While my old friends Gray Barker and Jim Moseley were often accused of bad journalism, it wasn’t quite that way. Jim was actually pretty deliberate about getting his facts straight when he summarized a sighting report from a newspaper clipping, or described a case that he personally investigated. I worked closely with him for several years in the 1960s, and, as a budding newsperson, I can attest to that.

But Gray Barker was a piece of work. He was not above mixing fact and fiction, particularly as he grew older. There was often a mystical or conspiratorial flavor to a UFO story when he wrote about it. He lived in an alternate reality in which he was the occupant of a fantastical world in which Men In Black and alien visitors were constant presences. Maybe there were MIB, but the possibility of their presence was often exaggerated.

One of his best literary works, “The Silver Bridge,” was an often allegorical spin on the Mothman phenomenon. Here, Gray’s talents were on full display, and it is even possible that he revealed critical details of these strange creature sightings that were otherwise overlooked.

For the most part, however, Gray and Jim’s mischievous sides overshadowed their real work. So there was the infamous “Straith Letter,” part of an all-night writing session in which the pair, seriously drunk, played a series of pranks that nearly got them in trouble with the FBI.

But that’s the story of another day. While they engaged in other hoaxes over the years, separately and together, this was the best of the lot, with perhaps one exception where a planned prank produced an unexpected result.

One evening in early 1966, seemingly at random, Jim called a rural police department and reported a fake saucer sighting. I was visiting him at his Fort Lee, NJ apartment at the time, and I just sat back and laughed.

Not too many days later, I began to wonder whether Jim was accidentally prescient. On the evening of January 11, UFOs were reported over a reservoir in Wanaque, NJ, in Passaic County. It was close to the location of the phony sighting that Jim had phoned in.

So fantasy became reality. But was it just an accident, or did Jim actually sense the arrival of a paranormal event, and use it as the basis for a hoax?

Later on, Jim recounted an episode in which he tried to see if he had any latent psychic abilities, and, with a deck of playing cards in hand, attempted to predict which card would come up next. Suddenly he had an epiphany, that he didn’t have to guess, because, as he said to me shortly thereafter, and later to listeners of The Paracast, he “knew.”

His correct guesses continued, one after another, and then reality returned. His abilities were gone, and his mystic powers vanished, never to return.

Some years later, I asked Jim about the hoax sighting he reported to the police at Wanaque, but he didn’t remember any of it. I do recall, however, the time where I accompanied Jim and some of his friends on a drive to the reservoir to investigate the case.

It was dark, cold, and all I can remember of that night was constantly shivering. I couldn’t wait to return to Jim’s Pontiac so I could turn the heat on full bore!

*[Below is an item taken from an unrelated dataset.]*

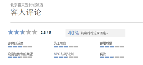 圖注:SPG官網北京喜來登長城飯店會員好評率僅為52%

Nowadays, you can easily be attacked for living in the past, which so often means you won’t learn the lessons of history.

But researcher Curtis Collins doesn’t feel that way. He’s currently involved in developing a site known as the “Saucers that Time Forgot,” at The Saucers That Time Forgot.

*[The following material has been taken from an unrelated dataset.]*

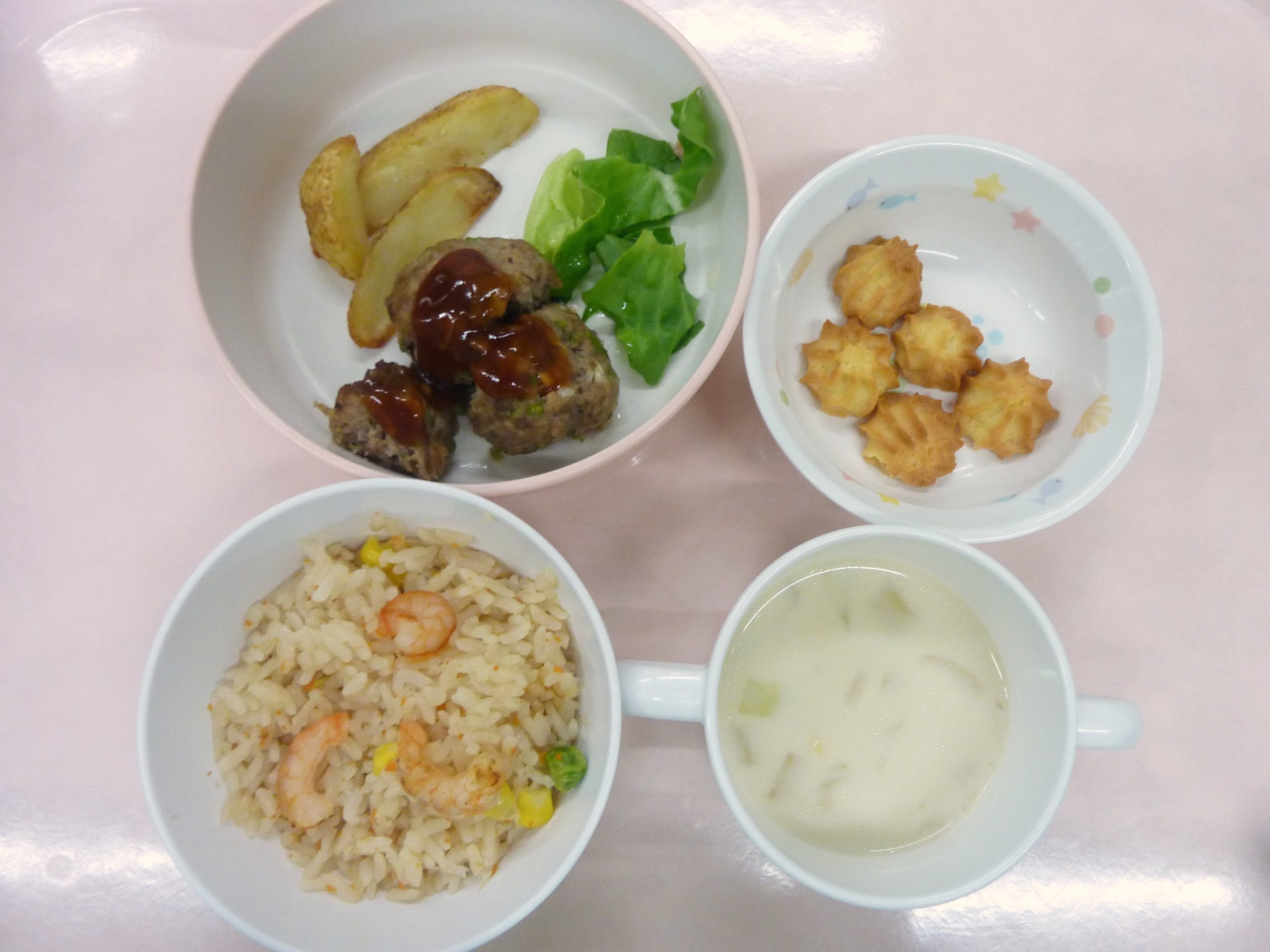 えびピラフ・ハンバーグ・ポテト・サラダ菜・野菜チャウダー・絞りだしクッキー

Curt and his colleague, Claude Falkstrom, focus mainly on early cases, forgotten facts and new information that casts a different light on a topic.

A recent article focuses on Robert Spencer Carr, who is blamed, or credited, with being one of the first people to bring up the Hangar 18 legend. It wasn’t necessarily the first rumored locale where alleged crashed saucers and alien bodies were present. But the legend of this alleged “secret” Air Force hangar persists to this very day.

As with Area 51, Hangar 18 has become yet another supposed factoid that helped advance the modern UFO era, not to mention the perception that we continue to experience visits by extraterrestrial beings, and that the U.S. military is doing its level best to keep that truth from us.

And what about the Blue Room? Or is that just another name for Hangar 18?

If you want to know more about how we got from there to here, I highly recommend Curt and Claude’s fascinating blog.